Under ideal conditions, high-tech tools can reveal the location and structure of underground cavities by measuring subtle changes in the force of gravity, seismic waves and electrical resistance. `It`s a real easy job if you have a bunch of graduate students and you can walk around on the ground taking measurements,` said Antony Fraser-Smith, a Stanford University geophysicist.
Afghanistan today is hardly the place for such field trips. Meanwhile, almost all U.S. reconnaissance tools - including radar and communications interception devices - are built for detecting something. Caves are all about the absence of something.
During the
Vietnam conflict, U.S. soldiers faced enemies adept at tunneling. One of the most successful detection techniques involved carefully observing entrances for smoke or body odor.
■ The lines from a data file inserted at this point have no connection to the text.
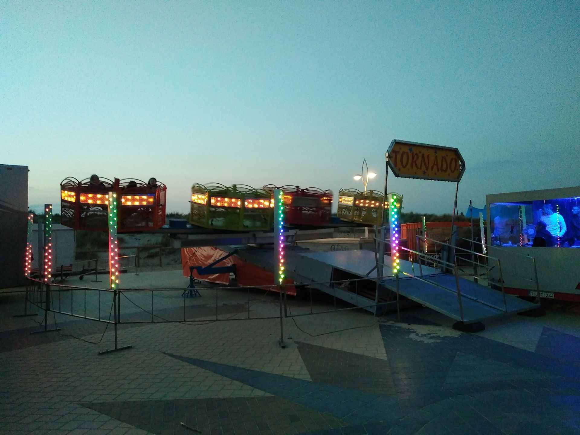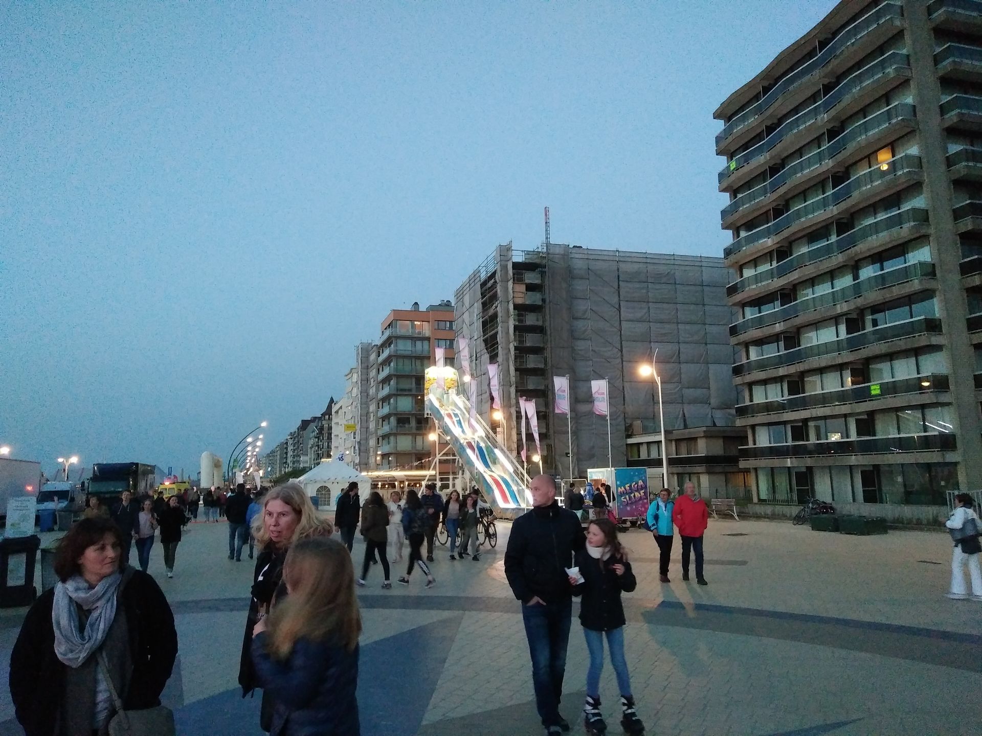 Nach dem Check-In in unserem gemütlichen kleinen Hotel direkt am Marktplatz, ging es auf den Weg Richtung Strand. Im Hotel erzählt man uns auch noch etwas von einem gratis Festival direkt an der Promenade. Hmm, da blinkt doch was ? Ist das etwa... ? Ja, ist es. In de Panne trafen wir auf eine kleine Kirmes, welche im Rahmen des Festival stattfand. Irgendwo neben den Zelten und Imbissbuden mit zu langen Schlagen waren, umgeben von stark betrunkenen Belgiern, mehrere Fahrgeschäfte aufgebaut.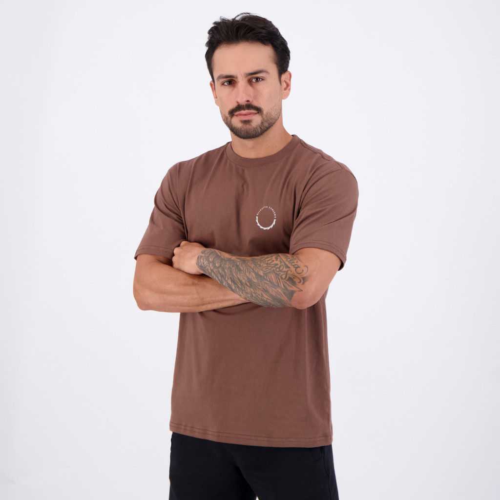 Composição: 100% Algodão Cor Predominante: Marrom Indicado para: Casual Logo: Estampada Gênero: Masculino Origem: Nacional Manga: Curta Gola: Careca Dimensões aproximadas (A x L): P (S): 71 x 52 cm M (M): 73 x 54 cm G (L): 75 x 56 cm GG (XL): 77 x 58 cm
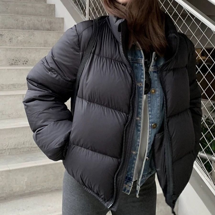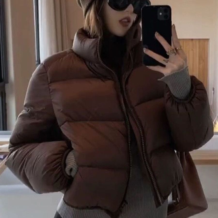| nameOriginal | White Duck down anti-season kendou down jacket women's short European style brown loose stand collar thick high waist bread coat fashion |

In the early 1990s, a tunnel apparently dug by North Korea was found hundreds of feet beneath the Demilitarized Zone. Seismic testing and radar confirmed the location. Smugglers also move drugs through underground passages from Mexico into the
United States. These have usually been discovered through tips, rather than technology.
In all those cases, however, the cave-detectors were people on the ground. To be most effective, cavern-hunting in Afghanistan would require much the same - while likely employing methods originally designed by geologists to find pipes, oil deposits and earthquake faults.